Но как бы писатели дня ни отчаивались в будущей славе, они должны, по крайней мере, воздерживаться от причинения вреда в настоящем. Хотя они не могут достичь выдающихся высот совершенства, они могли бы оставаться безвредными. Они могли бы позаботиться о том, чтобы просветить себя, прежде чем пытаться просвещать других, и направить то небольшое влияние, которое у них есть, на честные цели.
Но таково нынешнее состояние нашей литературы, что древний мудрец, который считал «большую книгу большим злом», теперь счел бы множество книг множеством зол. Он счел бы громоздкого писателя, который поглощает год, и рой памфлетистов, которые крадут по часу, равными растратчиками человеческой жизни и не делал бы между ними никакой разницы, кроме как между хищным зверем и стаей саранчи.

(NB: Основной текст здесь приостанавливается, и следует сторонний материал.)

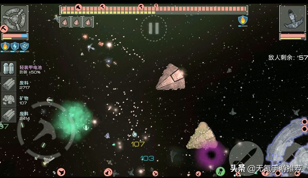 一款宇宙飞船射击类的手游,游戏内闯关的时候有塔防的元素,玩家需要控制自己的飞船来保护自己的基地不被攻击和破坏。游戏中玩家除了升级飞船,还能升级自己的基地,前期基地的攻击还是很厉害的,玩家可以放心让基地来进行战斗。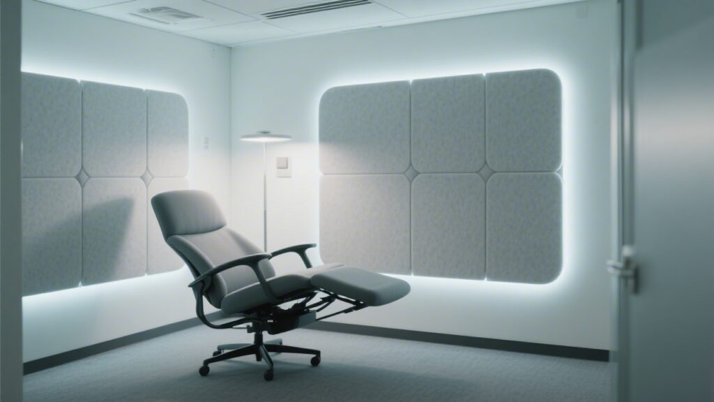 Mid-range ($1,500–4,000): A dedicated nap pod chair (IKEA POÄNG modified, or Herman Miller Nap chair), acoustic room divider panels, programmable wake light, and a digital booking system (free via Calendly or Google Forms).

№ 86. СУББОТА, 8 ДЕКАБРЯ 1759 ГОДА.
ПРАЗДНОМУ ЧЕЛОВЕКУ. Сэр,
Я молодая леди, недавно вышедшая замуж за молодого джентльмена. Наше состояние велико, наши умы свободны, наши нравы веселы, наши знакомства многочисленны, а наши родственники блестящи. Мы считали, что брак, как и жизнь, имеет свою юность; что первый год — это год веселья и пиров, и решили увидеть зрелища и ощутить радости Лондона, прежде чем прибавление в семействе ограничит нас домашними заботами и домашними удовольствиями.
Мало времени было потрачено на подготовку; карета была запряжена, и несколько дней привезли нас в Лондон, и мы вышли в жилье, предоставленное нам мисс Бидди Трайфл, незамужней племянницей отца моего мужа, где мы нашли апартаменты на втором этаже, которые, как сказала нам кузина, послужат нам, пока мы не сможем порадовать себя более удобным и элегантным жилищем, и которые она сняла по очень высокой цене, потому что не стоило заключать трудную сделку на столь короткое время.
Здесь я намеревалась скрываться, пока не будут сшиты мои новые платья и не нанято новое жилье; но мисс Трайфл так усердно известила о нашем прибытии всех своих знакомых, что на следующий день я имела огорчение видеть дверь, запруженную расписными каретами и креслами с коронами, и была вынуждена принимать всех родственников моего мужа на втором этаже.
Неудобства часто уравновешиваются некоторым преимуществом: возвышенность моих апартаментов давала тему для разговора, в которой, без такой помощи, мы рисковали бы нуждаться. Леди Стейтли рассказала нам, сколько лет прошло с тех пор, как она поднималась по стольким ступеням. Мисс Эйри подбежала к окну и подумала, что очаровательно видеть пешеходов такими маленькими на улице; а мисс Джентл пошла попробовать тот же эксперимент и закричала, обнаружив себя так высоко над землей.